Electricity and magnetism are so fundamentally linked that physics considers them not just related, but manifestations of the same phenomenon. The premise of their relationship is that electricity in motion (such as electrons moving in a wire, powering your tea kettle) produces a magnetic field, and a changing magnetic field produces an electric field (which can in turn push electrons down a wire. To power your tea kettle!) This interaction has profound implications even in the absence of electrons and wires, as the equations which link electricity and magnetism also form the classical theory explaining light itself.
This relationship between electricity and magnetism is used in electric generators to produce most of the world’s electricity. Motion created by turbines is used to rotate electrical conductors within magnetic fields, thus inducing electric current which is sent to customers. Conversely, a large portion of that generated electricity is consumed doing just the opposite, inside electric motors. In motors, electric current is used to make moving magnetic fields, which cause a shaft to rotate.
That was all just introduction. The star of this article is the transformer. Along with the generators that supply the power grid, transformers are key to power distribution. In a transformer, electric current passes through coils of wire wrapped around a magnetically “permeable” material (called a core), where it produces a changing magnetic field in that core. Rather than using that magnetic field to cause motion, like a motor, it passes through another coil of wire where it induces an electric current. The benefit of this arrangement is that by having a different number of turns in the “primary” coil and the “secondary” coil, the voltage can be changed up or down. As I discussed briefly in “What is Split-Phase Power,” more voltage means getting more done with less current. For long-distance power transmission, less current means thinner wires. So, with transformers, voltage from a generator can be raised to much higher voltages for long-distance transmission, then lowered to safer household levels for use.

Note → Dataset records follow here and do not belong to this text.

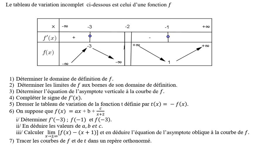 6-Montrer que la droite (D) d’équation y=2 est une asymptote.
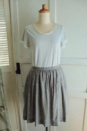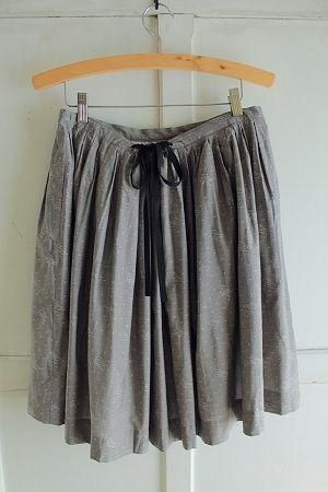 color ブラウン(グレーに近いお色です)、素材 コットン58%、レーヨン20%、リヨセル13cm、(裏地)ポリエステル100%、made in Japan、size 38、着丈54cm、ウエスト74cm〜、ヒップ124cm、※ウエストのリボンをきゅっと絞ってギャザーとウエストサイズの調節が可能です。
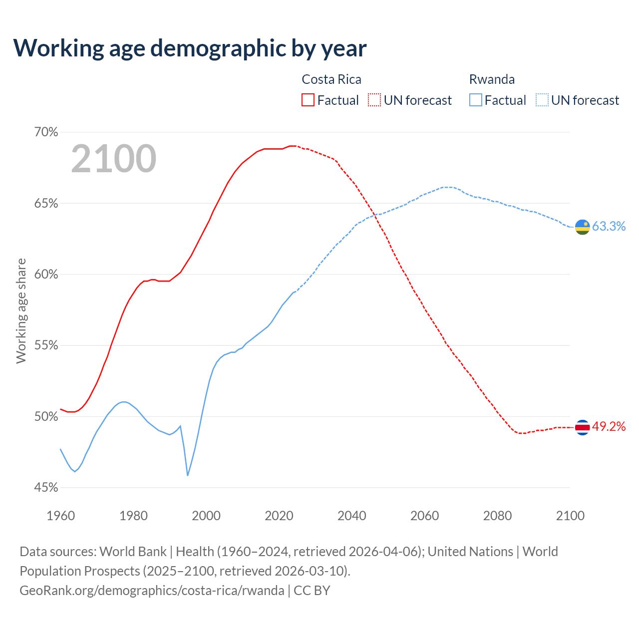 - Costa Rica has 3.57M working age adults (aged 15-64) vs 8.79M in Rwanda.
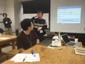 チームビルディングのグループワークでは、「マシュマロチャレンジ(*2)」というパスタとテープなど限られた道具を使って、マシュマロを高く置くというミッションを行いました。パスタは思ったより強度が弱く、完成イメージの共有が難しく、ミッションは悪戦苦闘しました。取り組むなかで、どう進めていけば良いか、聴覚障害の人がチームを引っ張るという経験が少ないせいか、迷いを感じました。特に、時間が迫っている時、指示待ちになってしまう人も見受けられました。慎重になりすぎた部分もあったのではないでしょうか。しかし、その中でもそれぞれが自らの立ち回りを考え出し、なんとかタワーを完成することができました。
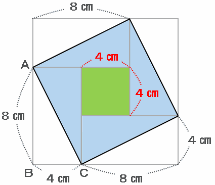 以上から、辺ACを一辺とする正方形の面積は64+16=80㎠になります。
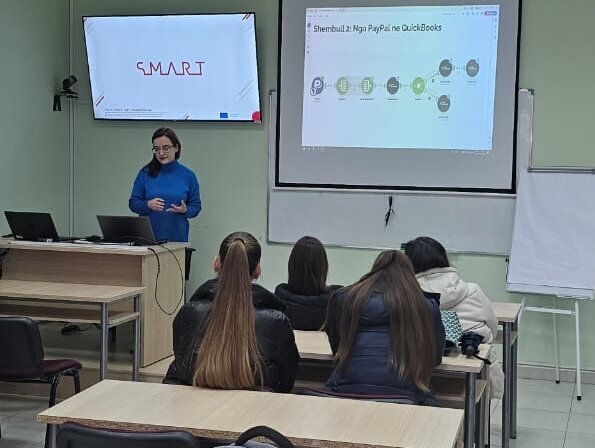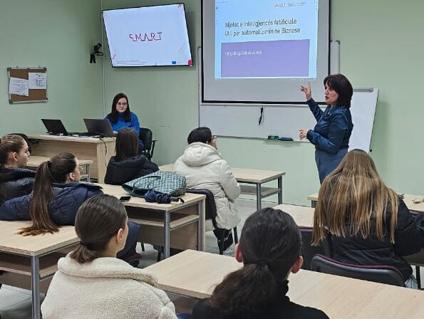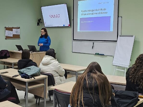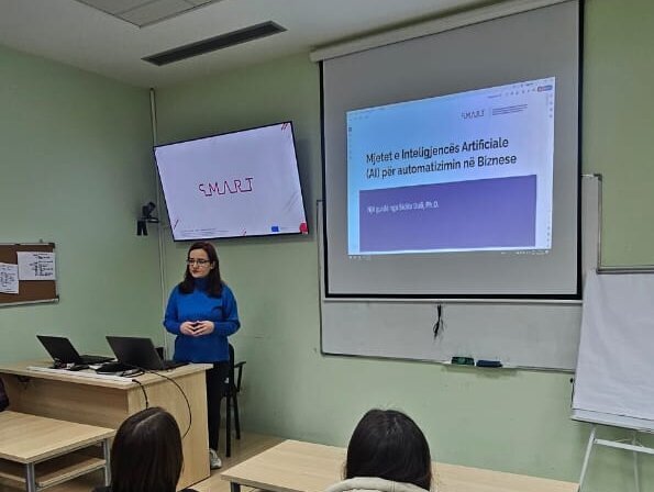 Në kuadër të aktiviteteve të projektit ERASMUS-EDU-2022-CBHE; SMART Innovation Centers for the Development of Innovative and Entrepreneurial Thinking to Facilitate the Development of Sustainable Smart Solutions in the Western Balkans. Project: 101082938 — SMART u zhvillua trainimi me temë “ Mjetet e Inteligjencës Artificiale (AI) për Automatizimin në Biznes”.
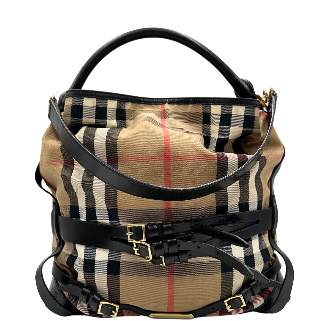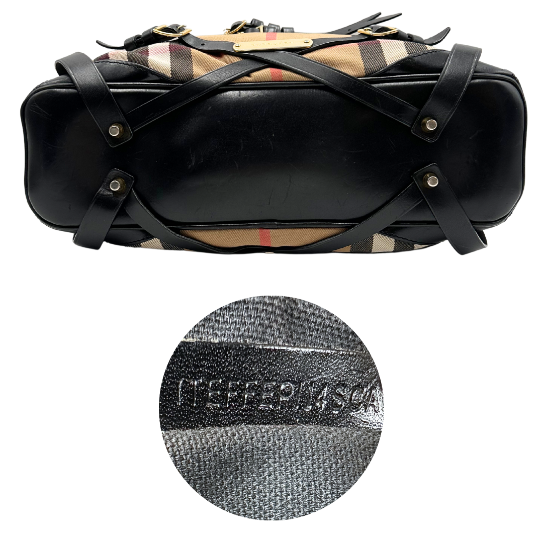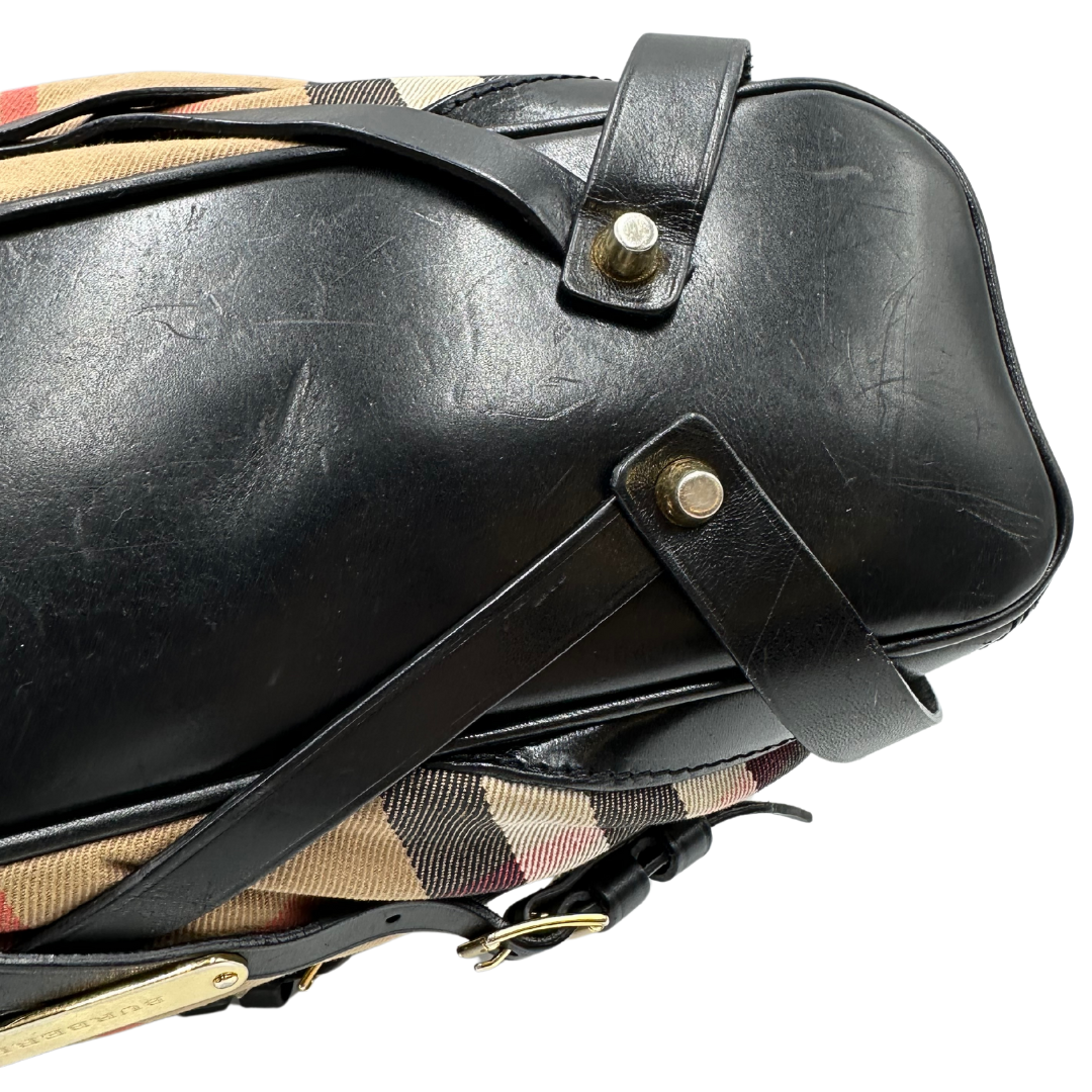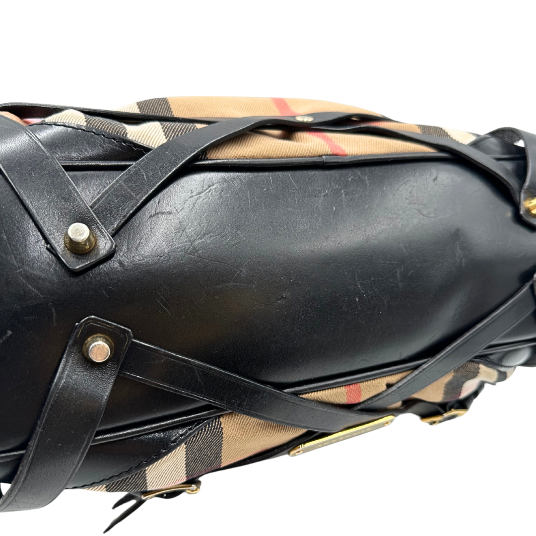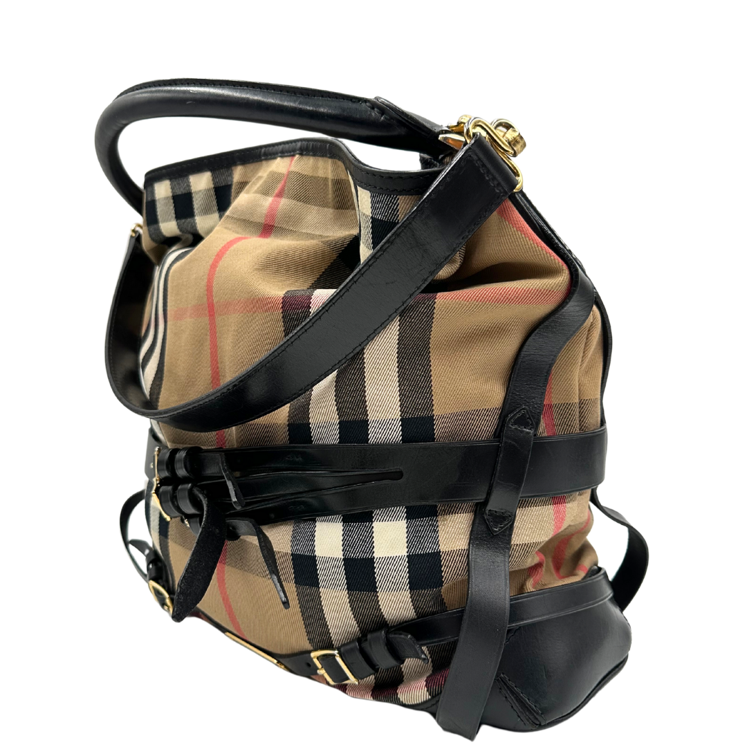Descrizione: Borsa Burberry in tessuto beige con trama tartan, finiture in pelle nera, fibbie decorative sul front, rifinita con parti metalliche dorate.

This brings me to the current transformer, or CT. The physics of transformers doesn’t require the coil of wire to be tight. By passing a current-carrying wire through the center of a ring-shaped magnetic core, and winding that core with a long coil of wire, we effectively create a transformer! The wire passing through the core acts as a single turn of wire for our purposes, and the magnetic field its current produces is guided by the core through that secondary coil. In a CT, the secondary coil is wound many times. In the Sense CT, it has 3,000 turns. Due to the ratio of coils between the secondary and primary, the secondary will always carry 1/3,000 the current of the primary. When a Sense CT is placed around your home’s main wires, at their full current capacity of 200 amps, only 67 milliamps will flow in each CT — a very manageable current! We can measure that much more easily than if we were to measure the full 200 amps directly.
To me, the most important benefit of measuring current indirectly is the ease of installation. The core of the CT can be split into two parts for installation, and clamped together for measurement. That means that instead of disconnecting a home’s main wires to pass them through CTs, the CTs can simply be clipped around those wires without ever disconnecting them. This is important for a safe installation, because those mains are always live, even when the main breaker is shut off.
As always, it’s been fun to dive into the physics underlying Sense’s operation, and how we can make Sense installation simple and safe. Happy Sensing!